I must say, that while I enjoy the delightful and professional presentations of other writers in the field, including Brian Greene, Carl Sagan, and Lee Smolin, this unique style was a very nice change of pace, and I very much appreciated João's honesty and clarity throughtout. This book is as much about Magueijo's impression of his own field as it is about VSL and cosmology, and in that light, his treatment was outstanding, unique, and very enjoyable to read. I've read few science authors capable of writing so clear and engaging in her/his non-native language.
While I have no idea whether Magueijo's VSL theory will stand up to experiment (he offers that even he has no idea if it can), João is convincing in his argument that allowing cosmology to settle comfortably into accepted but far-from-proven theories is flat out wrong. Inflation itself is simply accepted based on postdictions, the dominant theory has yet to be proven as correct despite the fact that it is presented as gospel by most everyone. Work on VSL and other alternative theories, even to the point of undermining long-standing and solidly placed theories such as special relativity (which some versions of VSL do undermine) is vital, Magueijo argues, to continue to break new ground and challenge the way cosmology views the universe.

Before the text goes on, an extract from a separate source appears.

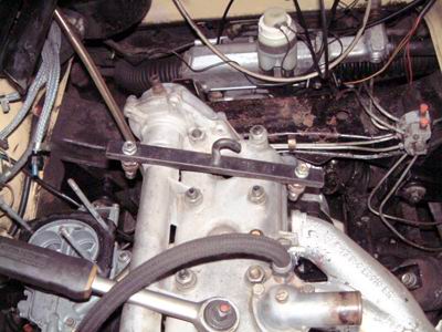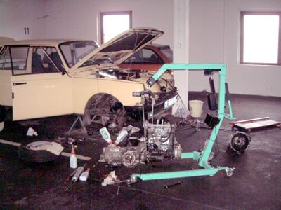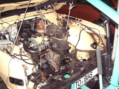 Laut Handbuch kann eine spezielle Halterung in die Kerzenbohrungen geschraubt werden, an der der Motor hoch gehoben werden kann. Tobias hat sich dabei leider ein Kerzengewinde demoliert und muß nun noch den Zylinderkopf wechseln. Das Mittelstück der Stoßstange sollten entfernt werden und eine Decke über Rahmen und Schürze gelegt, schützt vor Schrammen! |
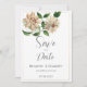 Elégant style vintage blanc, rouge, or et vert fleuri mariage Save the Date Invitation est parfait pour les couples à la recherche d'une touche romantique et simple à leur grand jour. Ce cadre de fleurs botaniques chic et champêtre entoure vos détails mariages. Offrez à vos invités un merveilleux aperçu de votre mariage pour venir cette invitation sera un ajout fantastique à vos événements mariages.

Maguiejo provides an incredibly enjoyable and fascinating look at VSL theory and his own life. The science is strong but not technical, the personal stories are relevant and revealing, and few popular science books have attempted, let alone delivered, such a fun-to-read experience, delivered in this author's unique way. Maguiejo is passionate about his subject and every page drips with enthusiasm for his work. Five big stars, and very highly recommended to any popular science reader willing to open her/his mind to alternative ideas.